Mean-Lp Risk-Constrained Reinforcement Learning: Primal-Dual Policy Gradient and Augmented MDP Approaches

Agents4Science 2025 Conference Submission16 Authors

04 Aug 2025 (modified: 08 Oct 2025)Submitted to Agents4ScienceEveryoneRevisionsBibTeXCC BY 4.0
Keywords: Constrained MDP (CMDP), risk measures, safe RL
Abstract: Convex risk measures allow decision-makers to account for uncertainty beyond standard expectations, and have become essential in safety-critical domains. One widely used example is the Conditional Value-at-Risk (CVaR), a coherent risk metric that targets tail outcomes. In this paper, we consider a more general family of risk measures, the mean-$L^p$ risk for $p\ge 1$, defined as the $L^p$-norm of a cost distribution; this family includes CVaR as an extreme case (as $p \to \infty$). We formulate a reinforcement learning problem in which an agent seeks to maximize reward subject to a mean-$L^p$ risk constraint on its cumulative cost. This problem is challenging due to the nested, non-Lipschitz structure of the $L^p$ risk measure, which hinders the use of standard policy optimization or dynamic programming techniques. To address this, we propose two complementary solution approaches: (1) a $\textbf{primal-dual policy gradient algorithm}$ that relaxes the risk constraint via a Lagrange multiplier, and (2) a $\textbf{model-based dynamic programming method}$ that enforces the constraint by augmenting the state space with a cost budget. We prove that the policy-gradient approach converges to an $\epsilon$-optimal safe policy with $\tilde{O}(1/\epsilon^2)$ samples, matching the best-known rate for simpler (risk-neutral or linear-constraint) cases.

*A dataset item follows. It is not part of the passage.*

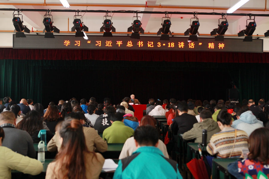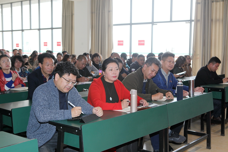 为深入学习习近平总书记在全国学校思想政治理论课教师座谈会上讲话精神和落实中共中央办公厅 国务院办公厅印发《关于深化新时代学校思想政治理论课改革创新的若干意见》的通知,2019年9月26日,学院特邀赴京参加2019年3月18日由习近平总书记亲自主持召开的全国学校思想政治理论课教师座谈会代表、中央马克思主义理论研究和建设工程首席专家、全国高校优秀思想政治理论课示范课百人巡讲团成员、云南民族大学教授张建国到我校作专题讲座。学院全体教职工、部分学生代表参加报告会,学院党委副书记刘鉴允主持报告会。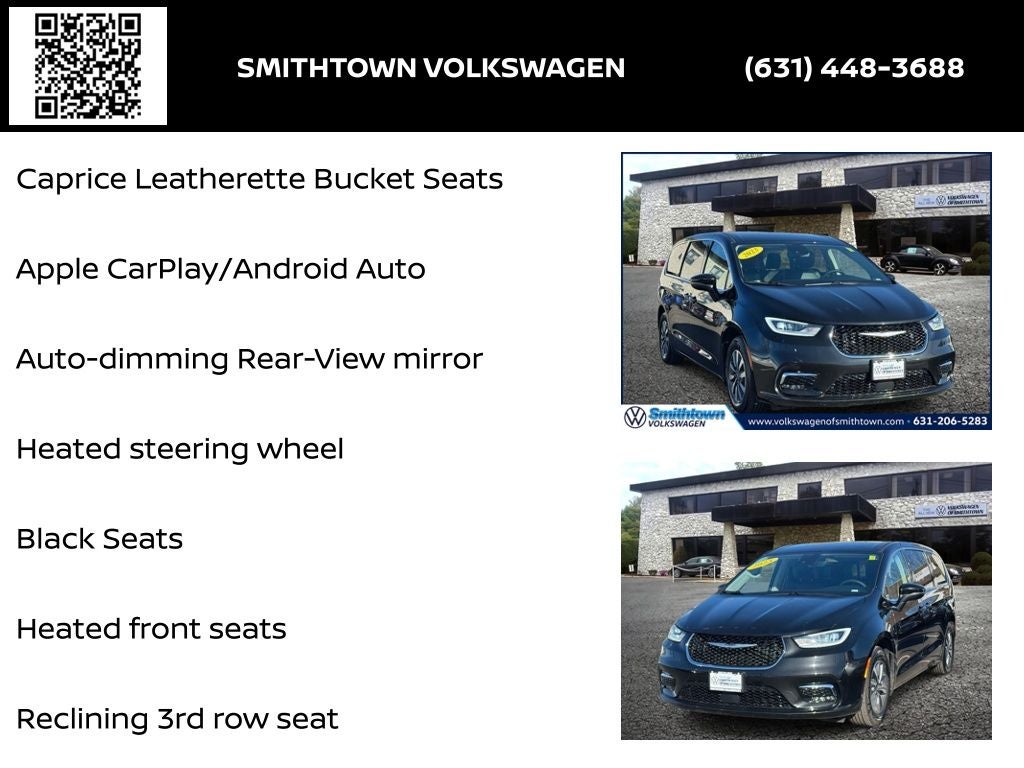 3.6L V6, 10.1 Touchscreen Display, 3rd row seats: split-bench, 4-Wheel Disc Brakes, ABS brakes, Alloy wheels, Apple CarPlay, Apple CarPlay/Android Auto, Auto-dimming Rear-View mirror, Black Seats, Brake assist, Caprice Leatherette Bucket Seats, Delay-off headlights, Electronic Stability Control, Exterior Parking Camera Rear, Four wheel independent suspension, Front fog lights, Fully automatic headlights, Heated door mirrors, Heated front seats, Heated steering wheel, Heavy Duty Suspension, Panic alarm, Power door mirrors, Power Liftgate, Reclining 3rd row seat, Remote keyless entry, Security system, Split folding rear seat, Steering wheel mounted audio controls, Traction control, Turn signal indicator mirrors, Wheels: 17 x 7.0 Diamond Cut w/Painted Pockets, 3.59 Axle Ratio, 6 Speakers, Air Conditioning, AM/FM radio: SiriusXM, Automatic temperature control, Bumpers: body-color, Compass, Disassociated Touchscreen Display, Driver door bin, Driver vanity mirror, Driver's Seat Mounted Armrest, Dual front impact airbags, Dual front side impact airbags, Emergency communication system: Uconnect Access, Front anti-roll bar, Front Bucket Seats, Front dual zone A/C, Front Fascia Air Deflectors, Front reading lights, Google Android Auto, GPS Antenna Input, Illuminated entry, Integrated Active Noise Cancellation, Integrated Center Stack Radio, Knee airbag, Low tire pressure warning, Memory seat, Occupant sensing airbag, Outside temperature display, Overhead airbag, Overhead console, Passenger door bin, Passenger seat mounted armrest, Passenger vanity mirror, Power driver seat, Power steering, Power windows, Quick Order Package 2EL, Radio data system, Radio: Uconnect 5 w/10.1 Display, Rain sensing wipers, Rear air conditioning, Rear reading lights, Rear window defroster, Rear window wiper, Speed control, Spoiler, Tachometer, Telescoping steering wheel, Tilt steering wheel, Trip computer, USB Host Flip, Variably intermittent wipers, Voltmeter, 3.6L V6, 10.1 Touchscreen Display, 3rd row seats: split-bench, 4-Wheel Disc Brakes, ABS brakes, Alloy wheels, Apple CarPlay, Apple CarPlay/Android Auto, Auto-dimming Rear-View mirror, Black Seats, Brake assist, Caprice Leatherette Bucket Seats, Delay-off headlights, Electronic Stability Control, Exterior Parking Camera Rear, Four wheel independent suspension, Front fog lights, Fully automatic headlights, Heated door mirrors, Heated front seats, Heated steering wheel, Heavy Duty Suspension, Panic alarm, Power door mirrors, Power Liftgate, Reclining 3rd row seat, Remote keyless entry, Security system, Split folding rear seat, Steering wheel mounted audio controls, Traction control, Turn signal indicator mirrors, Wheels: 17 x 7.0 Diamond Cut w/Painted Pockets. Your Volkswagen Dealer Near me Yes, we are your Volkswagen Certified Dealer in Smithtown also near Islip Huntington and Oyster Bay Smithtown Volkswagen Certified dealer in suffolk Hablamos español para tus autos en venta.

Meanwhile, the augmented MDP method computes a policy that never violates the cost limit and is nearly optimal for large $p$. Our results provide the first general-purpose algorithms for $L^p$-risk-constrained RL, generalizing prior approaches that were limited to CVaR or variance-based risk. We validate our theoretical results through experiments in a gridworld environment, demonstrating that both algorithms successfully learn policies that respect the risk constraint and adjust conservativeness as the risk sensitivity parameter $p$ varies.